World News Brief, Tuesday March 11

Pro-Russian forces seal off another military airport in Crimea; search for Malaysia Airlines jet continues; North Koreans endorse government in Parliamentary elections offering just one candidate per seat; Middle East drought threatens global food prices; Nigerian healthcare hit by Boko Haram violence; and more 

Top of the Agenda

Russian Forces Gain in Crimea

Armed pro-Russian forces sealed off another military airport in Ukraine's Crimea on Sunday, tightening Moscow's grip on the peninsula ahead of a March 16 vote that may lead to Crimea leaving Ukraine and joining the Russian Federation (Reuters). President Vladimir Putin told his counterparts in Germany and the United Kingdom that he wanted a diplomatic solution to the worst standoff between Russia and the West since the Cold War, but said Crimea had a right to decide its fate (Bloomberg). Meanwhile, Ukrainian soldiers guarding bases in Crimea have orders not to use their weapons despite provocations by Russian troops, creating a tense stalemate where any mistake could ignite an armed conflict (Time).

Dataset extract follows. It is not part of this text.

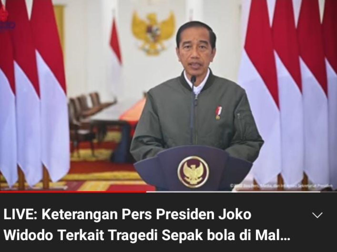 "Saya juga memerintahkan PSSI untuk menghentikan sementara Liga 1 sampai evaluasi dan perbaikan prosedur pengamanan dilakukan,"kata Presiden Jokowi, melalui keterangan persnya yang diunggah melalui akun YouTube Sekretariat Presiden, Minggu (2/10/2022).

"Mr. Putin misunderstands the complexities of language and ethnicity in Ukraine. Certainly, Ukraine is diverse, and language, history and culture play a role in some of its internal differences — just as they do in blue- and red-state America, in northern and southern Italy, or in the north and the south of England. The error is to believe there is a fratricidal separation between Russian and Ukrainian speakers and to assume that everyone who speaks Russian at home or voted for Mr. Yanukovych would prefer to be a citizen of Mr. Putin's Russia," writes Chrystia Freeland in the New York Times.

"It is worth remembering that, in the back-and-forth of Ukrainian governments since 1991, both the pro-Russian leaders, like Viktor Yanukovych, and the pro-Europeans, like Yulia Tymoshenko, have been brazen thieves, enriching themselves at fantastical rates. Both sides have played one half of the country against the other," writes David Remnick in the New Yorker.

"This is not Ukraine's war. Ukraine is the immediate victim, but it is by no means Putin's ultimate target. This is a blatant attack on the principles of state sovereignty, inviolability of negotiated borders, and adherence to multilateral agreements that underpin today's rule-based international system. Countering Russia's aggression is thus the responsibility of all who would uphold that system," write Karl-Theodor Zu Guttenberg and Bogdan Klich for Project Syndicate.


Pacific Rim

Missing Malaysia Jet Remains a Mystery

Rescue ships and helicopters are searching for signs of a Malaysia Airlines Boeing 777 that disappeared en route to Beijing more than two days ago in what Malaysia's top aviation official called an "unprecedented aviation mystery" (AP).

NORTH KOREA: North Koreans voted in elections for parliament on Sunday, with one approved candidate standing for each of the 687 districts (Telegraph).